-- YOUR TASK --
Below are entries with pictures in them. Output exactly the lines starting at the line with "首先在电脑中打开PR软件,点击新建项目,建立剪辑项目。" and ending at the line with "打开可以看到这次的iGame RTX 5060", both included, but not the pictures.

-- GIVEN RECORDS --

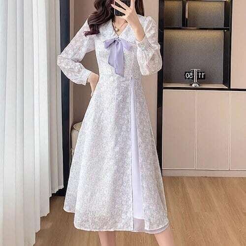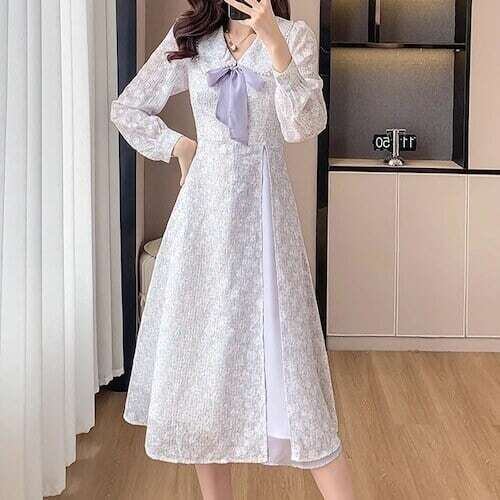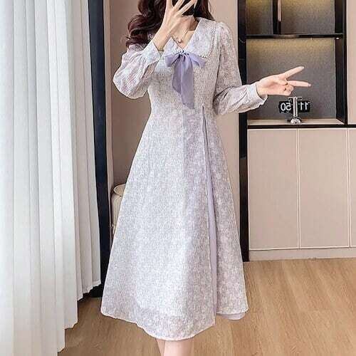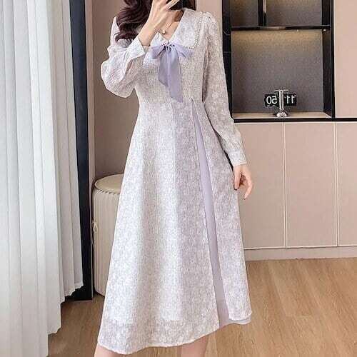 パールカラーワンピース シフォンワンピ ガーリー お呼ばれ E794
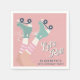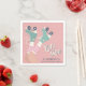Des serviettes d'anniversaire pastel rose patinage amusantes, illustrant une illustration rétro de patins à rouleaux turquoises sur une fille portant des chaussettes à tube rose et "Let's Roll" en écriture blanche. Ajoutez son nom de typographie bleu turquoise foncé.
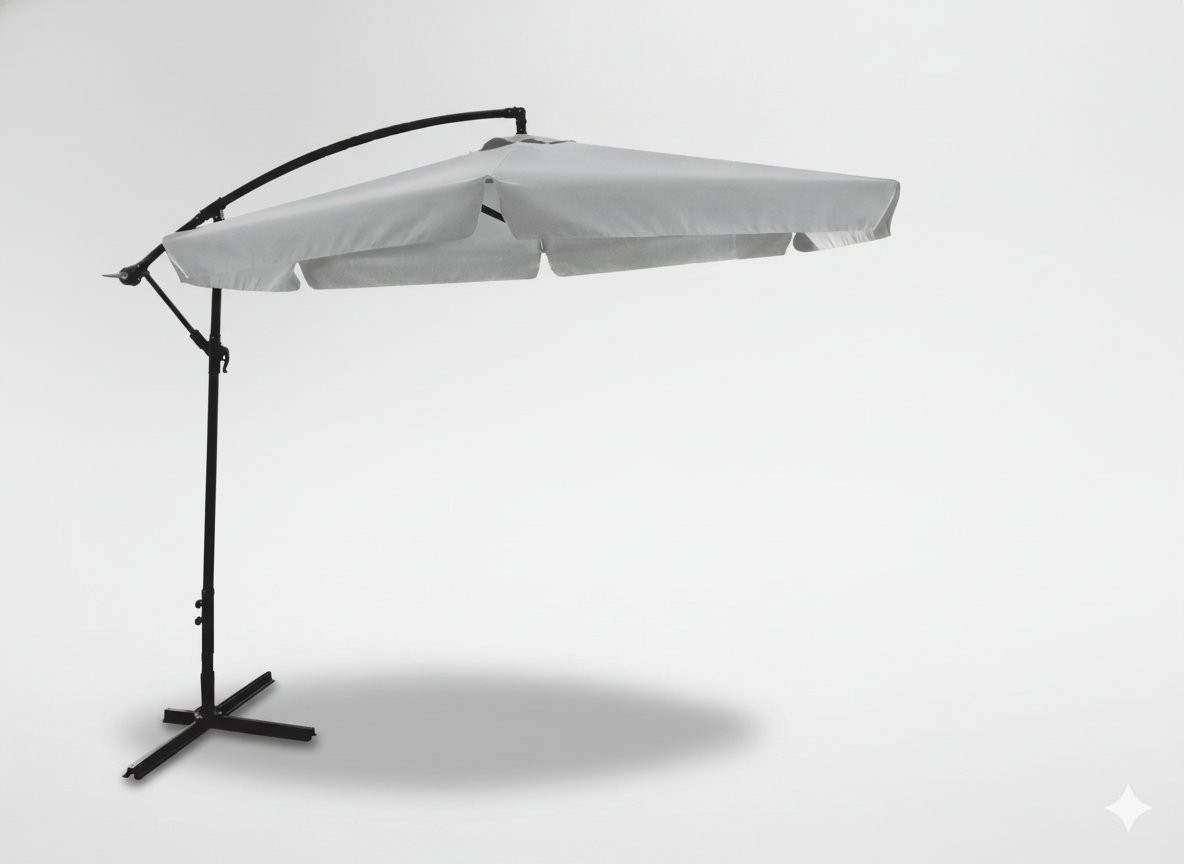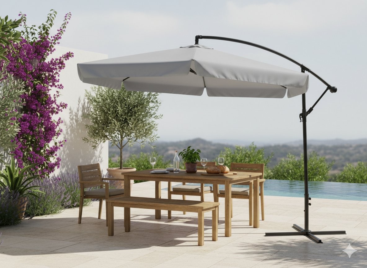 Konstrukcija tipa banana pušča več uporabnega prostora pod senčnikom brez sredinskega droga. Vodoodbojna senčna površina pomaga pri zaščiti pred soncem, UV žarki i rahlim dežjem. Nastavljiv naklon omogućuje lažje prilagajanje smeri sonca. Prezračevalna odprtina izboljša kroženje zraka, priložena prevleka pa olajša shranjevanje.
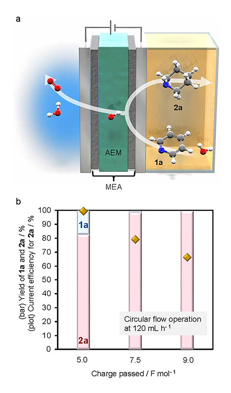 図2.ピリジンの電解水素化 (a) AEM型リアクターを用いた反応系の概略、(b) 定電流電解におけるピペリジン生成量と電流効率の通電量依存性。文献1より一部改変し掲載。
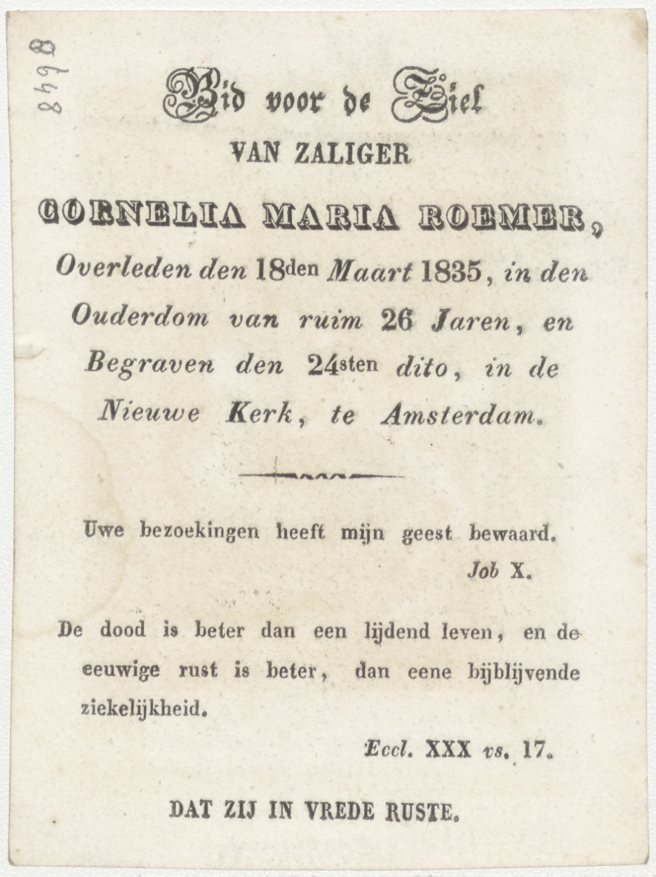 Communie van Maria Magdalena (Frans), kz. Bid voor ziel Roemer (+1835) Amsterdam
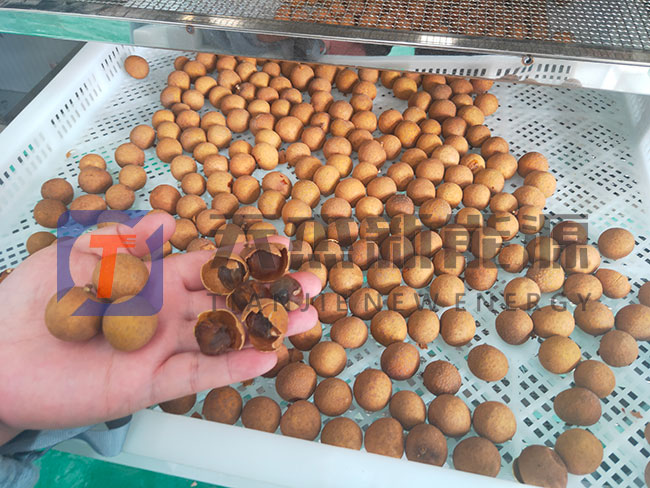 將清理好的新鮮龍眼放入托盤送入龍眼烘干機(jī)內(nèi)
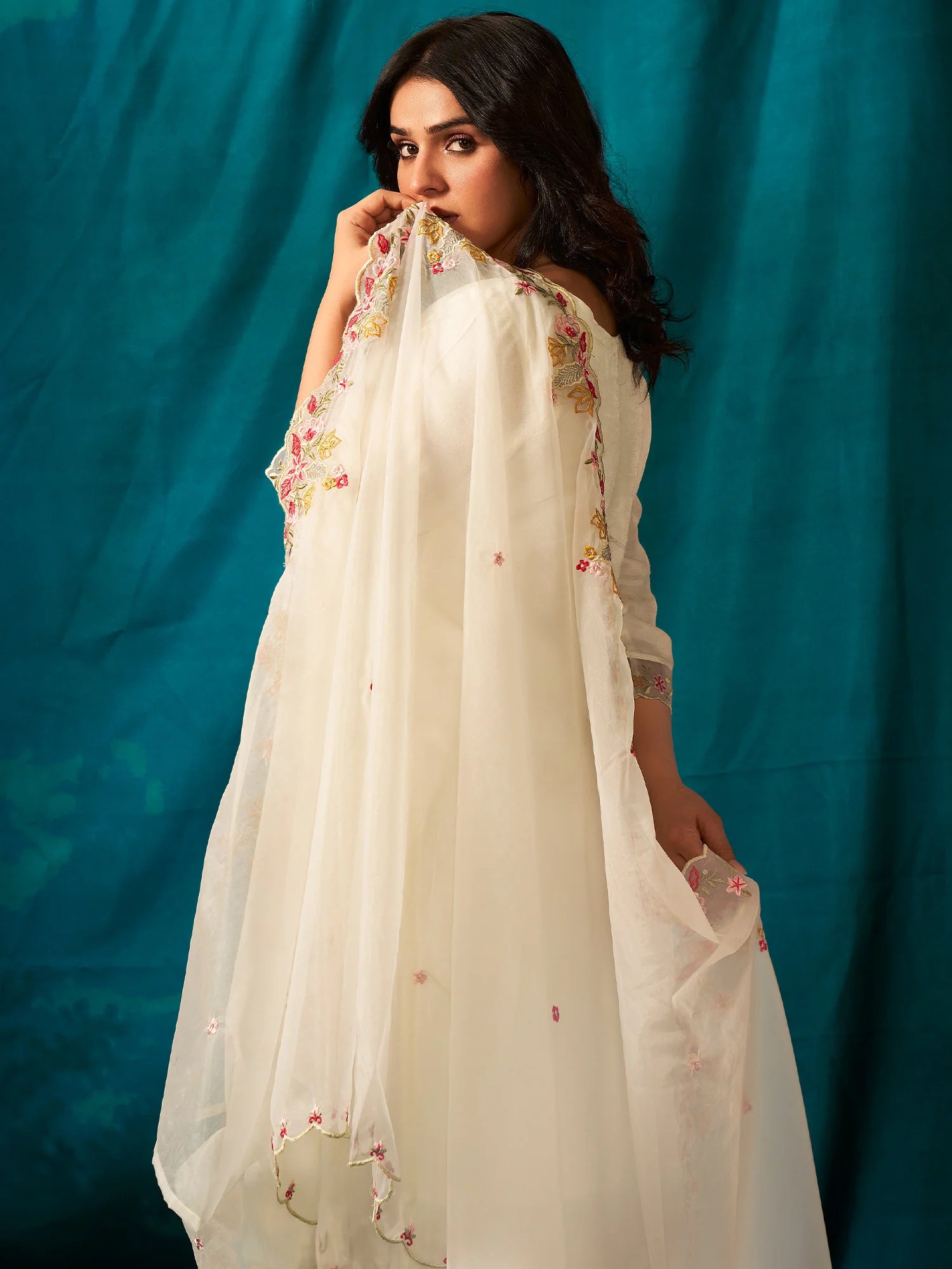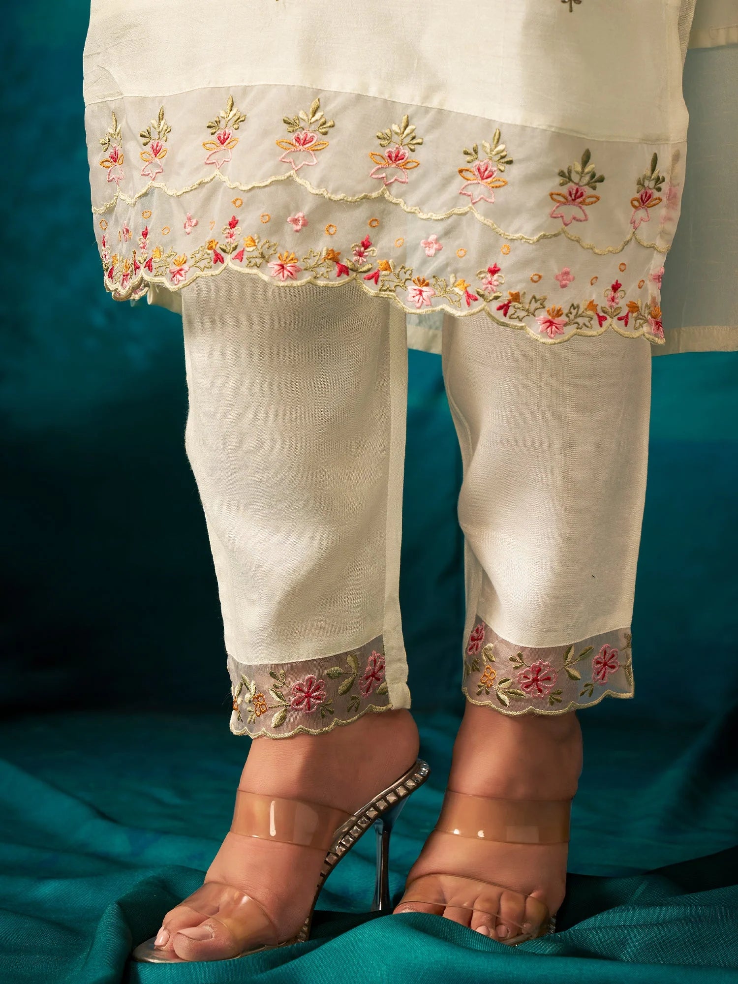 White Embroidered Silk Blend Straight Kurta Trouser With Dupatta set (Set of 3)
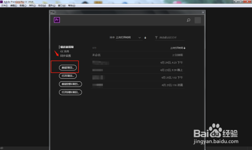 首先在电脑中打开PR软件,点击新建项目,建立剪辑项目。
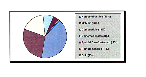 This volume includes combustible, noncombustible and cemented wastes, metallic scrap, special case and remote handled wastes, and soil. The percentage of these wastes are listed below in Fig. 1.
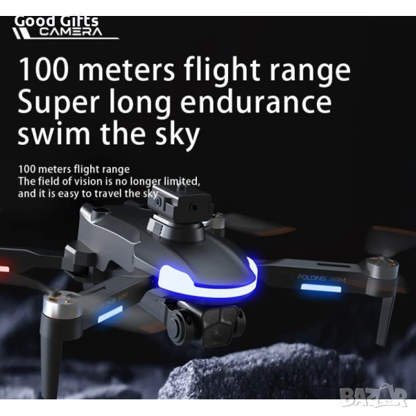 Основната 1080P HD камера позволява заснемане на ясни видеа и снимки, а вторичната камера осигурява по-широк ъгъл на виждане. Камерата може да се регулира по време на полет, което дава по-голяма свобода при кадриране.
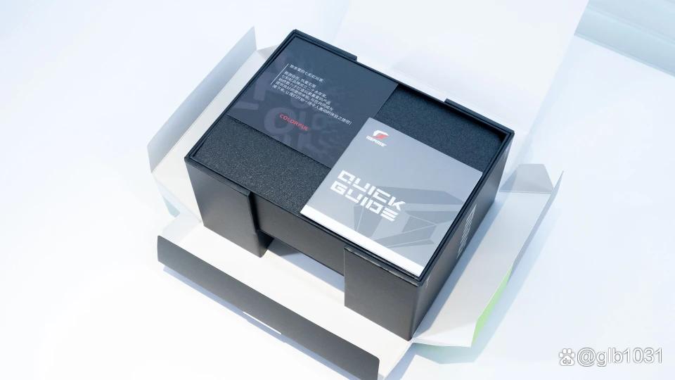 打开可以看到这次的iGame RTX 5060 Ti Mini 显卡了,这次的iGame RTX 50的MINI系列采用工业风进行设计,相较于前代产品所采用的白色、银色系设计语言,本次采用了具有鲜明工业美学特征的经典硬朗风格。该设计风格通过强化几何线条与材质质感的表现力,呈现出更具力量感与专业性的视觉形象。
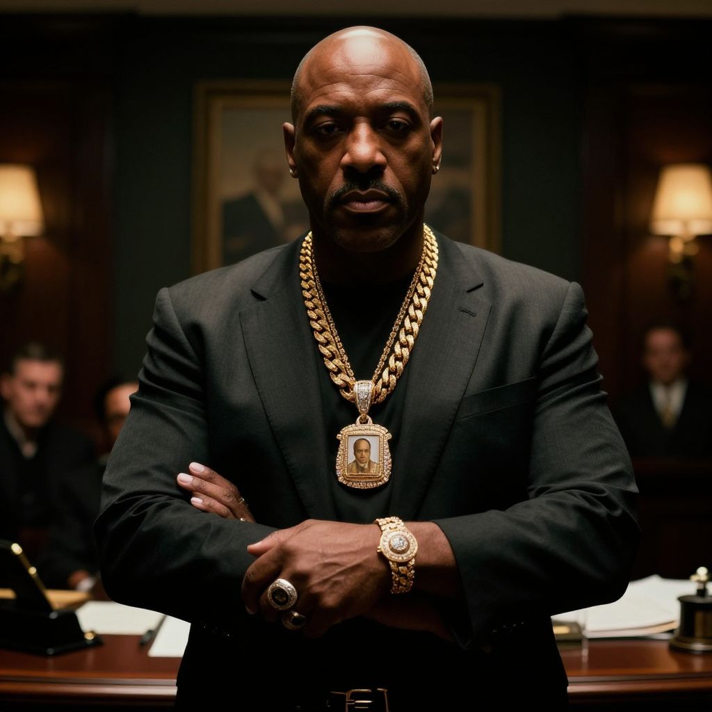 Photograph of a bald, middle-aged Black man with a serious expression, standing with arms crossed in a dimly lit office. He wears a black suit, a large gold chain with a prominent pendant, and a matching gold watch. The background features blurred figures, a dark wood desk, and framed pictures on the wall. The man's skin is dark, and he has a short, neatly trimmed mustache. The lighting highlights his gold jewelry, creating a dramatic effect. The overall tone is formal and authoritative.
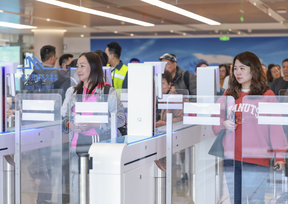 ↑ 4月17日,旅客在乌鲁木齐天山国际机场北区航站楼登机口办理登机手续。

-- TASK RESPONSE --
 首先在电脑中打开PR软件,点击新建项目,建立剪辑项目。
 This volume includes combustible, noncombustible and cemented wastes, metallic scrap, special case and remote handled wastes, and soil. The percentage of these wastes are listed below in Fig. 1.
 Основната 1080P HD камера позволява заснемане на ясни видеа и снимки, а вторичната камера осигурява по-широк ъгъл на виждане. Камерата може да се регулира по време на полет, което дава по-голяма свобода при кадриране.
 打开可以看到这次的iGame RTX 5060 Ti Mini 显卡了,这次的iGame RTX 50的MINI系列采用工业风进行设计,相较于前代产品所采用的白色、银色系设计语言,本次采用了具有鲜明工业美学特征的经典硬朗风格。该设计风格通过强化几何线条与材质质感的表现力,呈现出更具力量感与专业性的视觉形象。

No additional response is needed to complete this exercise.